Task input section start

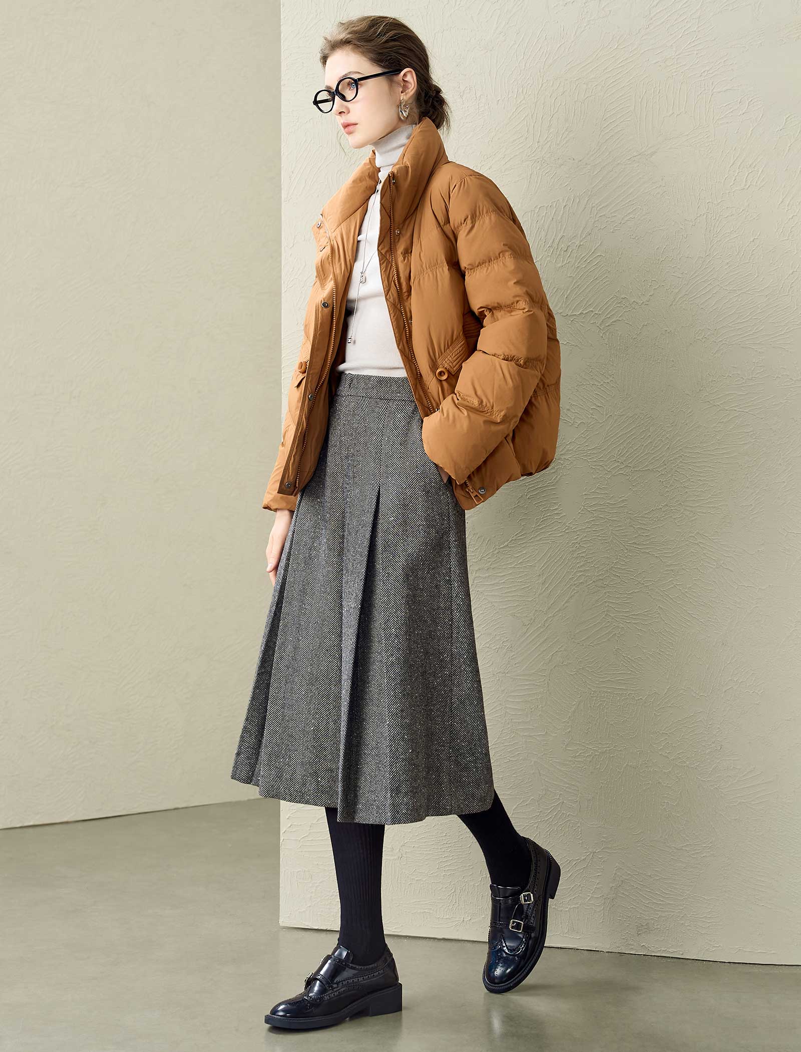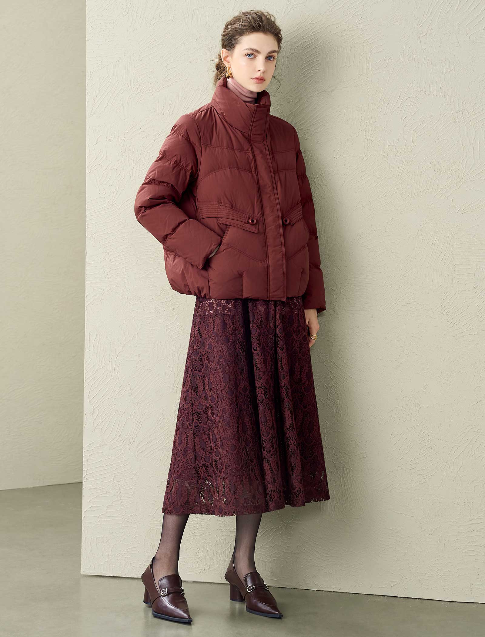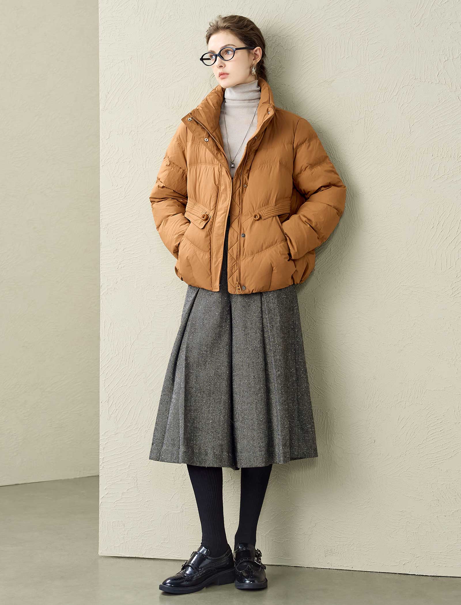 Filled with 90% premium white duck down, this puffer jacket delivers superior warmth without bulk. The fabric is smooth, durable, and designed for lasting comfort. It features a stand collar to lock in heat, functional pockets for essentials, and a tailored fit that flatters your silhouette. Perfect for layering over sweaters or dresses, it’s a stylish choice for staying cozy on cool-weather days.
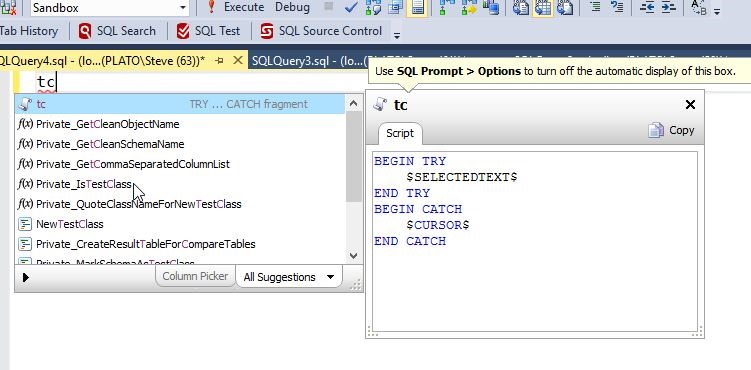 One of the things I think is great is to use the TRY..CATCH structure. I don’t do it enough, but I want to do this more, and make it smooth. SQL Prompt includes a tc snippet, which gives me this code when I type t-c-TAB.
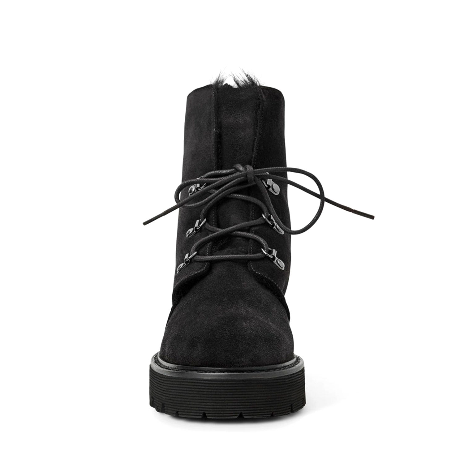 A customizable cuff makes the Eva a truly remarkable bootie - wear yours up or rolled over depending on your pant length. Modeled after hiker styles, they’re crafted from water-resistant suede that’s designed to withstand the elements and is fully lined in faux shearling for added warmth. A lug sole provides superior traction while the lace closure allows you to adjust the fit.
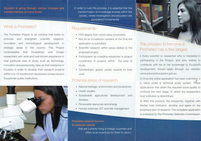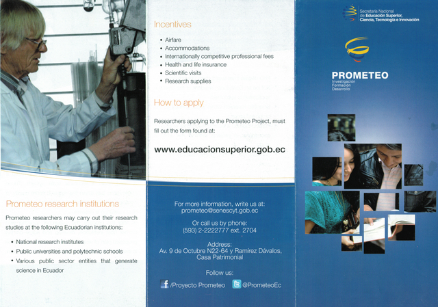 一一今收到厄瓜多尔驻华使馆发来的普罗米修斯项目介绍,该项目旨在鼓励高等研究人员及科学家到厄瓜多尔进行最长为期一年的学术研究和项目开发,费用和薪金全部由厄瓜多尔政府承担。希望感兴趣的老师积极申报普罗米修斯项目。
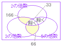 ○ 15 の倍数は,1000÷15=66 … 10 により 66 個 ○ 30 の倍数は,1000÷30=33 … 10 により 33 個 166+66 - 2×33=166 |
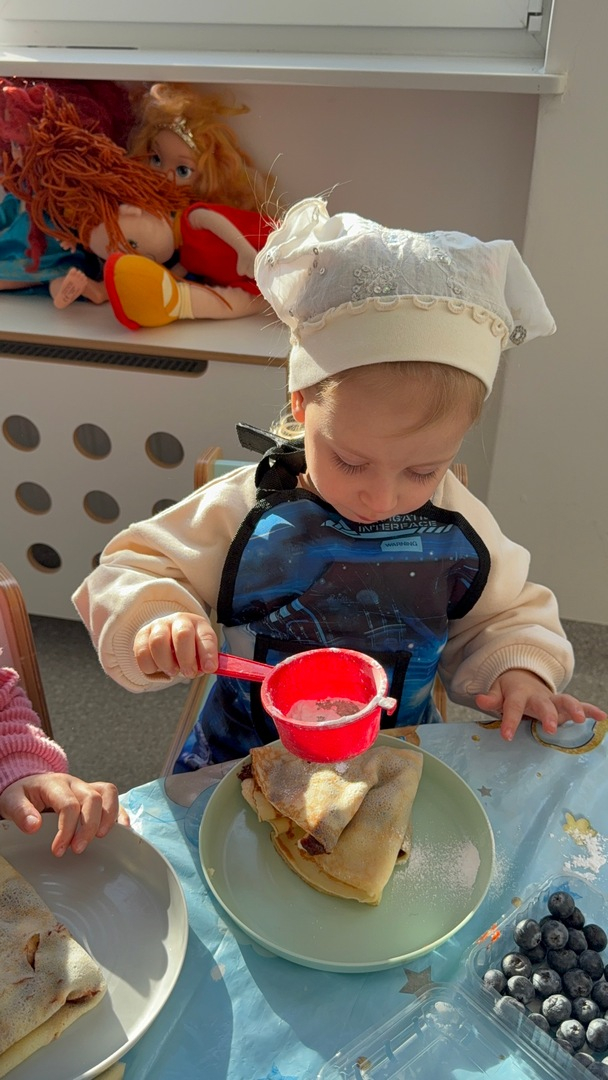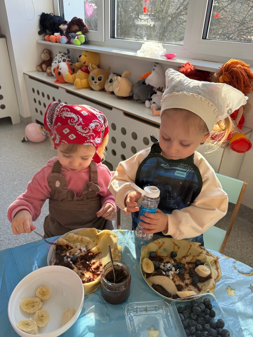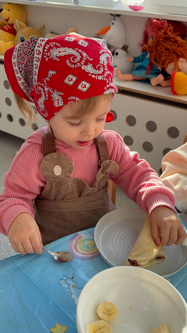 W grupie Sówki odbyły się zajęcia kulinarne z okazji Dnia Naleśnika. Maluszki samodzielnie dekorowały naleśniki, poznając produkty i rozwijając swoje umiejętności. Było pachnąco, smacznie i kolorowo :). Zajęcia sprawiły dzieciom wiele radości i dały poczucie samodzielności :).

Task input section end

**Your instructions**
Set the material above down again word for word. Include none of its pictures.

**Solution to the problem**
 Filled with 90% premium white duck down, this puffer jacket delivers superior warmth without bulk. The fabric is smooth, durable, and designed for lasting comfort. It features a stand collar to lock in heat, functional pockets for essentials, and a tailored fit that flatters your silhouette. Perfect for layering over sweaters or dresses, it’s a stylish choice for staying cozy on cool-weather days.
 One of the things I think is great is to use the TRY..CATCH structure. I don’t do it enough, but I want to do this more, and make it smooth. SQL Prompt includes a tc snippet, which gives me this code when I type t-c-TAB.
 A customizable cuff makes the Eva a truly remarkable bootie - wear yours up or rolled over depending on your pant length. Modeled after hiker styles, they’re crafted from water-resistant suede that’s designed to withstand the elements and is fully lined in faux shearling for added warmth. A lug sole provides superior traction while the lace closure allows you to adjust the fit.
 一一今收到厄瓜多尔驻华使馆发来的普罗米修斯项目介绍,该项目旨在鼓励高等研究人员及科学家到厄瓜多尔进行最长为期一年的学术研究和项目开发,费用和薪金全部由厄瓜多尔政府承担。希望感兴趣的老师积极申报普罗米修斯项目。
 ○ 15 の倍数は,1000÷15=66 … 10 により 66 個 ○ 30 の倍数は,1000÷30=33 … 10 により 33 個 166+66 - 2×33=166 |
 W grupie Sówki odbyły się zajęcia kulinarne z okazji Dnia Naleśnika. Maluszki samodzielnie dekorowały naleśniki, poznając produkty i rozwijając swoje umiejętności. Było pachnąco, smacznie i kolorowo :). Zajęcia sprawiły dzieciom wiele radości i dały poczucie samodzielności :).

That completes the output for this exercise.